Python) featuretools를 사용한 자동 변수 생성

Python) featuretools를 사용한 자동 변수 생성

2022. 1. 22. 14:02ㆍ분석 Python/구현 및 자료

featuretools 버전 1.4.0을 기준으로 작성합니다.

예제 코드에서도 현재 1.4.0을 반영하지 않은 예제만 있다 보니, 그대로 실행하는 데 어려움이 있었고, 간단하게 변수 생성을 해보면서 정리를 해보고자 함.

home-credit-risk data(https://www.kaggle.com/c/home-credit-default-risk/data)

패키지 설치

pip install featuretools==1.4.0

Featuretools

Featuretools는 자동화된 기능 엔지니어링을 수행하기 위한 오픈 소스 라이브러리

Feature 생성 프로세스를 빠르게 진행하여 기계 학습 모델 구축의 다른 측면에 더 많은 시간을 집중할 수 있도록 설계된 훌륭한 도구입니다. 즉, 데이터를 "머신 러닝 준비" 상태로 만듭니다.

크게 3가지에 대해서 알아야 함.

Entities
Deep Feature Synthesis (DFS)
Feature primitive

Entities

Entity는 Pandas DataFrame의 표현으로 간주될 수 있습니다. 여러 Entity의 컬렉션을 Entityset이라고 합니다.

RelationShip

relatioship은 RDBMS에서 사용되는 것과 동일한 추상적 개념

Deep Feature Synthesis

DFS(Deep Feature Synthesis)는 실제로 Feature Engineering 방법이며 Featuretools의 백본입니다.

단일 데이터 프레임과 다중 데이터 프레임에서 새로운 기능을 생성할 수 있습니다.

Feature primitive

DFS는 EntitySet의 Entity-relationships에 Feature primitive 적용하여 Feature을 생성합니다.

이러한 primitive는 기능을 수동으로 생성하는 데 자주 사용되는 방법입니다. 예를 들어, 기본 "평균"은 집계 수준에서 변수의 평균을 찾습니다.
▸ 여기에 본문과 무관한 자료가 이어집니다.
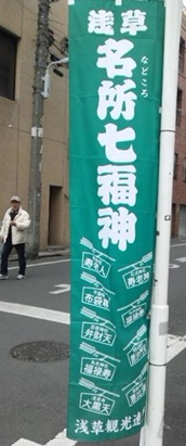 この七福神もうでは古くは江戸時代末期に始まり親しまれてきたが、戦後一時中断、1977年(昭和52年)に復活したとのことです。浅草名所(などころ)七福神は、福禄寿、寿老人(神)が二社ずつあるので計九社寺あります。「九は数のきわみ、一は変じて七、七変じて九と為す。九は鳩でありあつまる意味をもち、また、天地の至数、易では陽を表す」という古事に由来したことによるそうです。
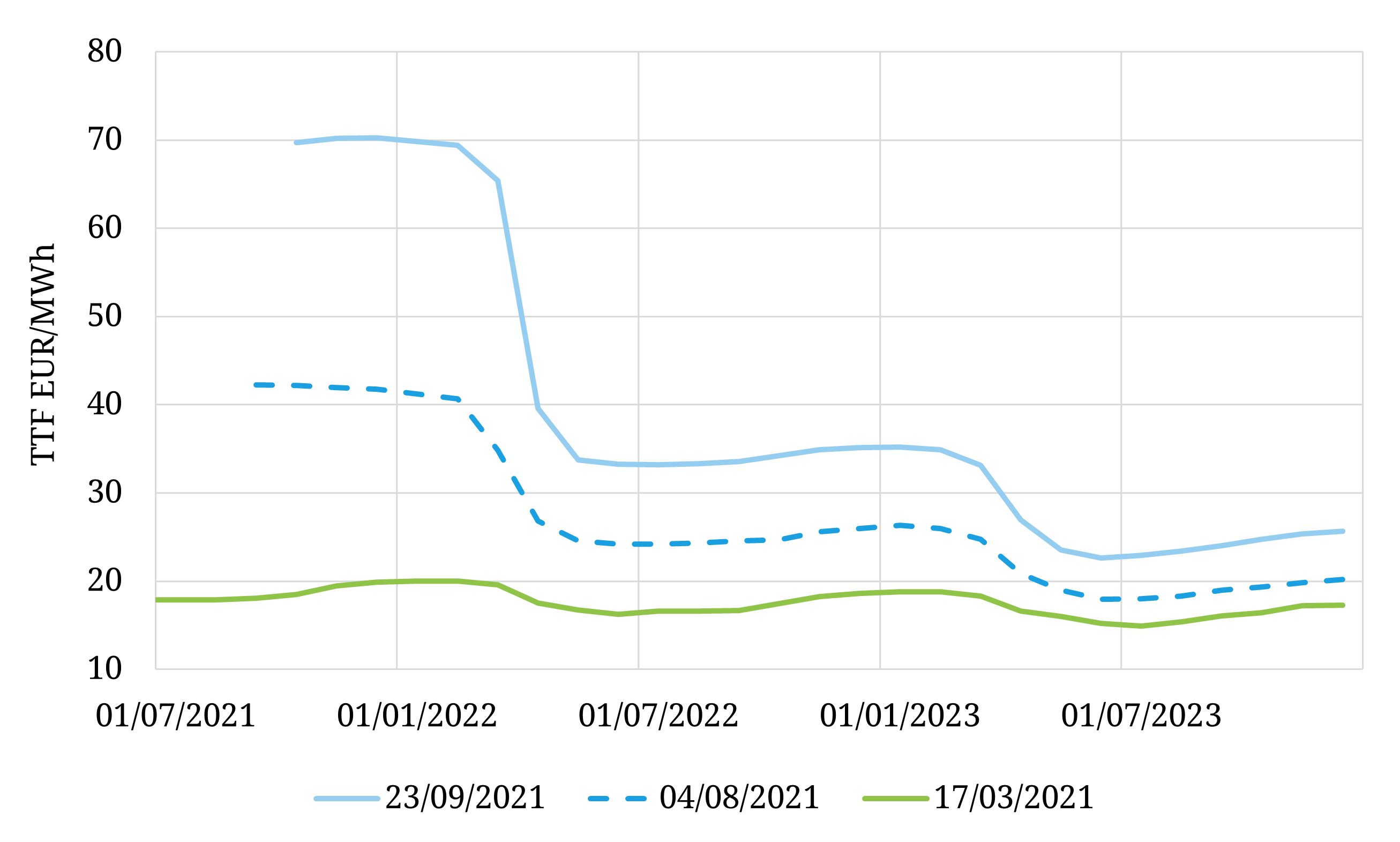 The result is illustrated by the explosion in the front of the TTF curve, from March (green line) to August (blue dashed line) and now to September (blue straight line).

주요 기능으로는 Aggregation과 Transformation이 있습니다.

Aggregation

최소, 최대, 평균 및 표준 편차와 같은 통계 계산을 위해 상위 테이블의 하위를 그룹화합니다.

Transformation

한 테이블의 하나 이상의 열에 대해 수행되는 작업입니다. 두 열 값의 차이를 계산합니다.

Implementation

read data & merge data

import featuretools as ft 
import gc
import numpy as np
import pandas as pd
import warnings
warnings.simplefilter('ignore')
from os.path import join as pjoin


data_dir = "./home-credit-risk"

filepaths = {
    'data_desc': pjoin(data_dir, 'HomeCredit_columns_description.csv'),
    'app_train': pjoin(data_dir, 'application_train.csv'),
    'app_test': pjoin(data_dir, 'application_test.csv'),
    'bureau': pjoin(data_dir, 'bureau.csv'),
    'bureau_bl': pjoin(data_dir, 'bureau_balance.csv'),
    'credit_bl': pjoin(data_dir, 'credit_card_balance.csv'),
    'install_pays': pjoin(data_dir, 'installments_payments.csv'),
    'pc_balance': pjoin(data_dir, 'POS_CASH_balance.csv'),
    'app_prev': pjoin(data_dir, 'previous_application.csv'),

}

nrows = 10000

# load main datasets
df_train = pd.read_csv(
    filepaths['app_train'], 
    low_memory=False, engine='c',
    nrows=nrows,
)
df_test = pd.read_csv(
    filepaths['app_test'], 
    low_memory=False, 
    engine='c',
)
df_joint = pd.concat([df_train, df_test])

del df_train, df_test
gc.collect()

df_app_prev = pd.read_csv(
    filepaths['app_prev'], 
    engine='c', 
    low_memory=False,
    # first X*3 rows are taken for faster calculations, substitute this by whole dataset
    nrows=nrows*3,
)

transform type

int_cols = df_joint.select_dtypes(include=[np.int64]).columns
float_cols = df_joint.select_dtypes(include=[np.float64]).columns 

df_joint[int_cols] = df_joint[int_cols].astype(np.int32)
df_joint[float_cols] = df_joint[float_cols].astype(np.float32)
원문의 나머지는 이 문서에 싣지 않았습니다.